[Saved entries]
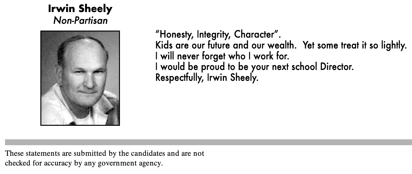 Irwin Sheely Non-Partisan βHonesty, Integrity, Characterβ. ; Kids are our future and our wealth. Yet some treat it so lightly. he | will never forget who | work for. - | would be proud to be your next school Director. J Respecifully, Irwin Sheely. These statements are submitted by the candidates and are not checked for accuracy by any government agency.
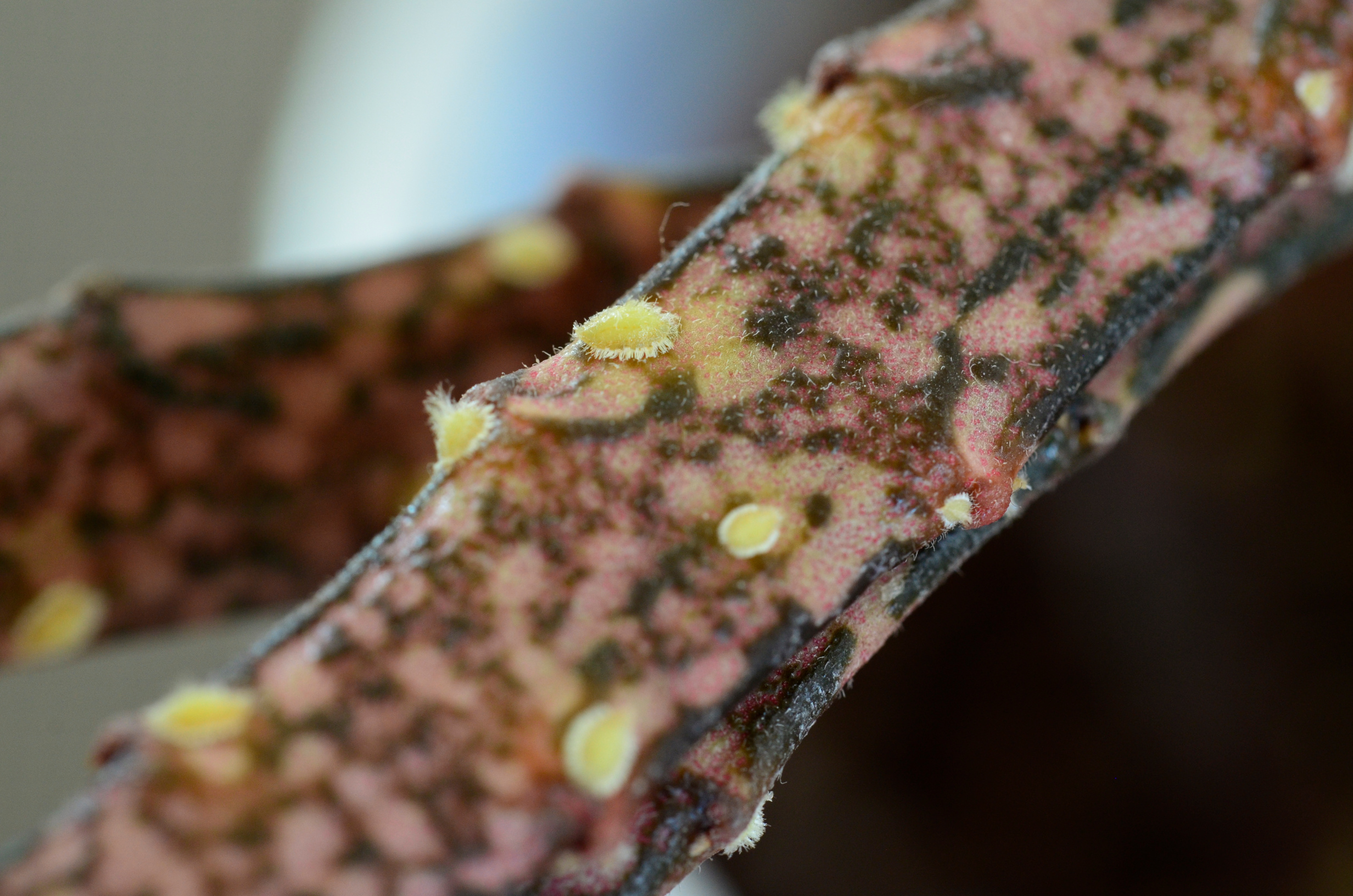 meine Euphorbia platyclada weißt gelbe Schädlinge auf, die ich nicht identifizieren kann. Da wir die Pflanze erst vor kurzem gekauft haben (Baumarkt...), weiß ich nicht, ob sich das so erst im Laufe der Zeit entwickelt hat oder es sich um mit aus dem Baumarkt bezogene Schädlinge handelt. Der Form nach könnte es sich um eine Art haarige gelbe Schildläuse handeln, allerdings konnte ich nirgends etwas finden, was tatsächlich genau so aussieht.
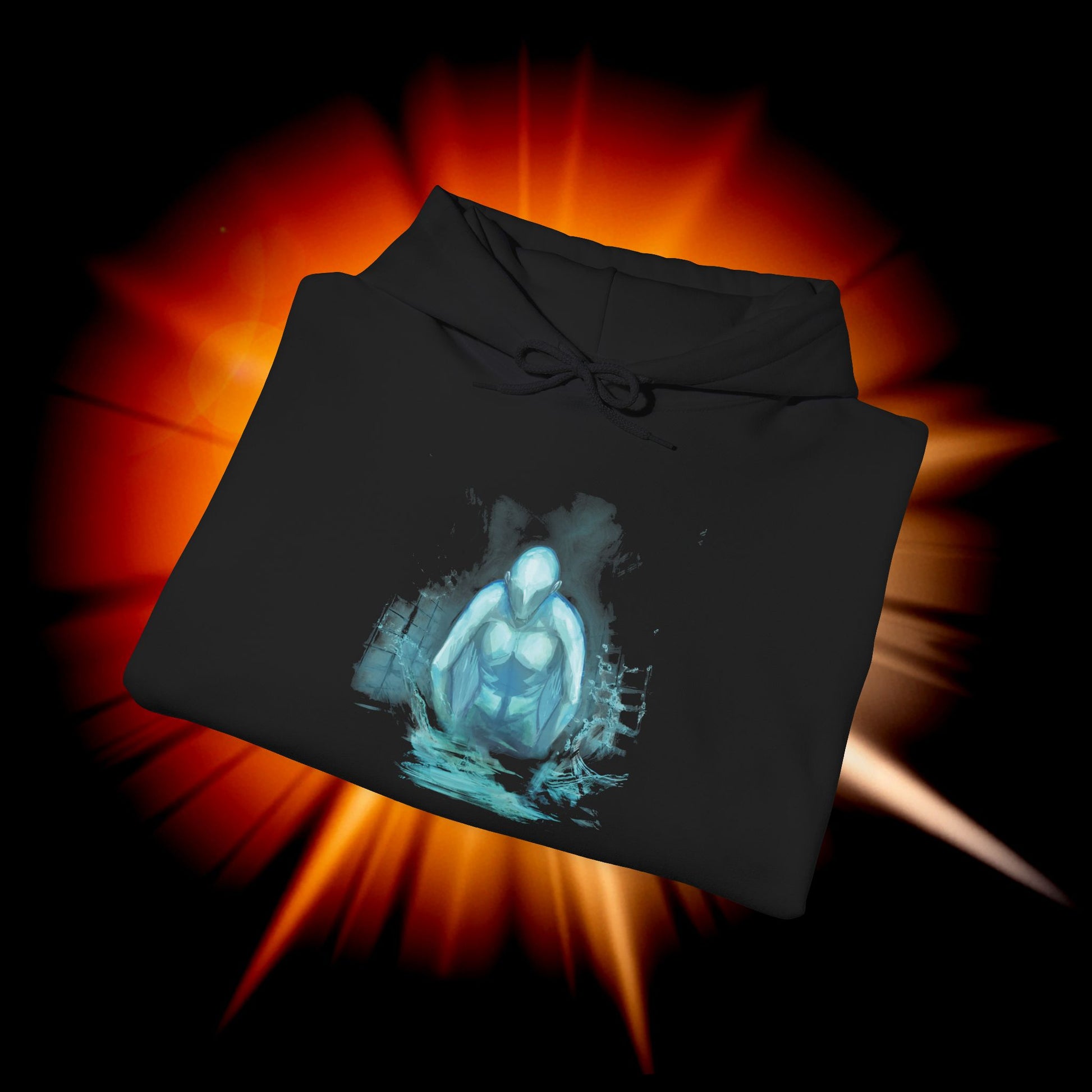Soft, slightly oversized fleece that feels like an evening by the lake. The black hoodie carries a cool, glowing illustration on the chest — a serene, lantern-like figure reflected on rippling water — with matching icy-blue lettering down one sleeve. It settles into quiet routines: pulled up on chilly walks, layered for late-night studio work, or worn on low-key meetups with friends who get that subtle, moody vibe. Breathable yet warm, the fabric keeps its shape while the roomy kangaroo pocket and double-lined hood add everyday comfort. The result is a wearable piece that whispers atmosphere rather than shouting it.
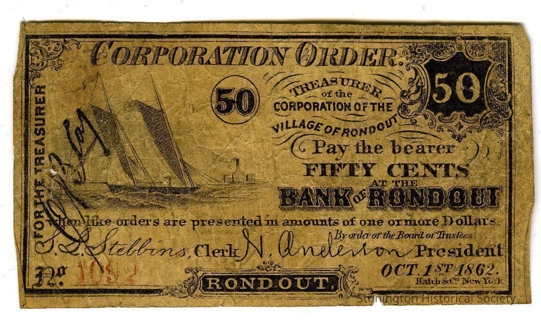 Fifty Cents - Bank of Rondout Corporation Order No. 1092 Dated Oct. 1, 1862 per Dave Barbone, Stonington CT, condition is Fine a/o 5/30/2012
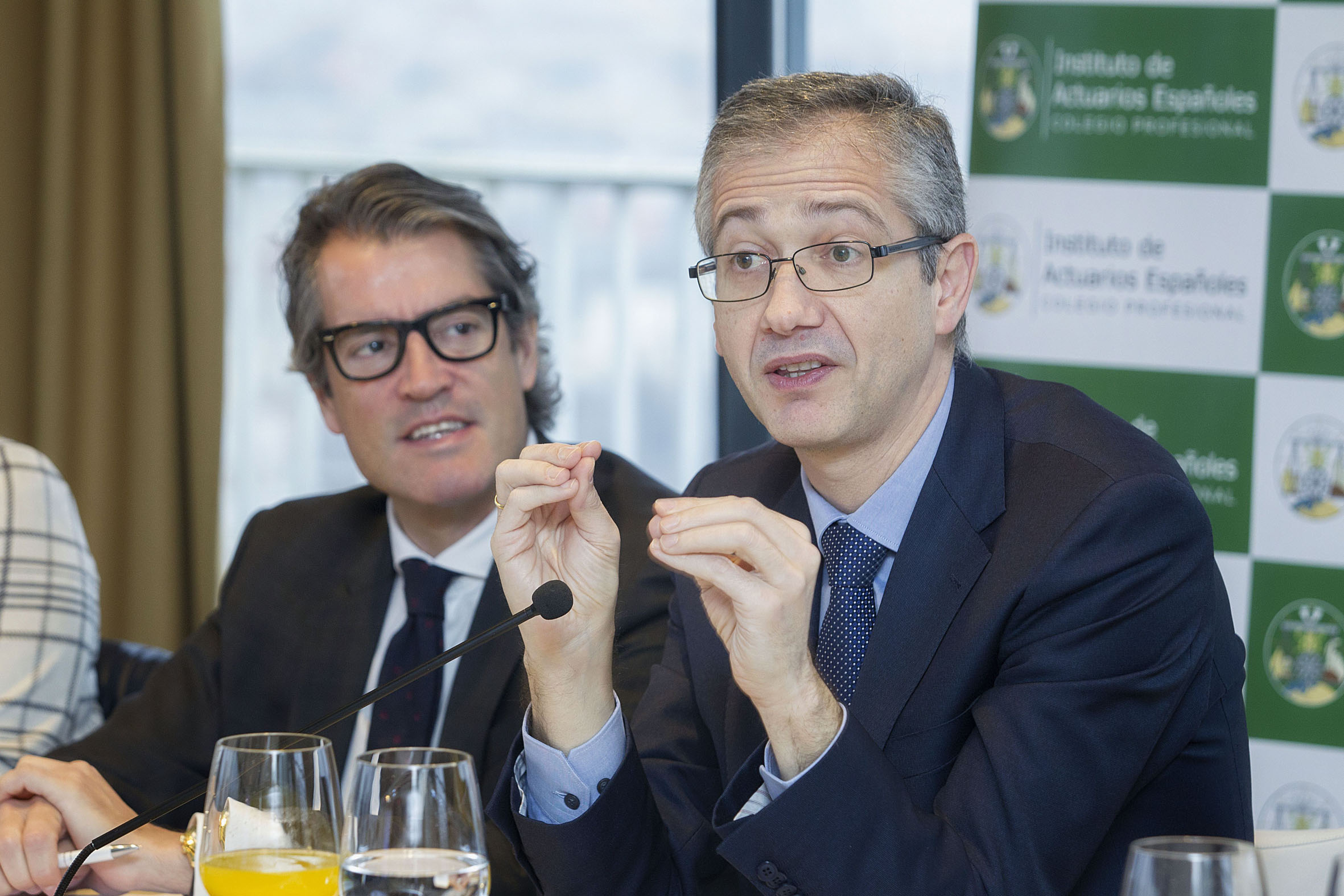 El Presidente del Instituto, Gregorio Gil de Rozas, ha destacado ante el Gobernador las contribuciones que esta profesión puede realizar en materia de pensiones públicas y previsión social complementaria. Asimismo, ha subrayado la necesidad de establecer una adecuada regulación y mejorar las guías de buenas prácticas de aquellos productos que como la hipoteca inversa, tenga asociado un riesgo de longevidad que haga aconsejable la participación de actuarios como asesores independientes.

#### Task instructions
Transcribe all records verbatim and omit each image.

#### Exercise output
 Irwin Sheely Non-Partisan βHonesty, Integrity, Characterβ. ; Kids are our future and our wealth. Yet some treat it so lightly. he | will never forget who | work for. - | would be proud to be your next school Director. J Respecifully, Irwin Sheely. These statements are submitted by the candidates and are not checked for accuracy by any government agency.
 meine Euphorbia platyclada weißt gelbe Schädlinge auf, die ich nicht identifizieren kann. Da wir die Pflanze erst vor kurzem gekauft haben (Baumarkt...), weiß ich nicht, ob sich das so erst im Laufe der Zeit entwickelt hat oder es sich um mit aus dem Baumarkt bezogene Schädlinge handelt. Der Form nach könnte es sich um eine Art haarige gelbe Schildläuse handeln, allerdings konnte ich nirgends etwas finden, was tatsächlich genau so aussieht.
Soft, slightly oversized fleece that feels like an evening by the lake. The black hoodie carries a cool, glowing illustration on the chest — a serene, lantern-like figure reflected on rippling water — with matching icy-blue lettering down one sleeve. It settles into quiet routines: pulled up on chilly walks, layered for late-night studio work, or worn on low-key meetups with friends who get that subtle, moody vibe. Breathable yet warm, the fabric keeps its shape while the roomy kangaroo pocket and double-lined hood add everyday comfort. The result is a wearable piece that whispers atmosphere rather than shouting it.
 Fifty Cents - Bank of Rondout Corporation Order No. 1092 Dated Oct. 1, 1862 per Dave Barbone, Stonington CT, condition is Fine a/o 5/30/2012
 El Presidente del Instituto, Gregorio Gil de Rozas, ha destacado ante el Gobernador las contribuciones que esta profesión puede realizar en materia de pensiones públicas y previsión social complementaria. Asimismo, ha subrayado la necesidad de establecer una adecuada regulación y mejorar las guías de buenas prácticas de aquellos productos que como la hipoteca inversa, tenga asociado un riesgo de longevidad que haga aconsejable la participación de actuarios como asesores independientes.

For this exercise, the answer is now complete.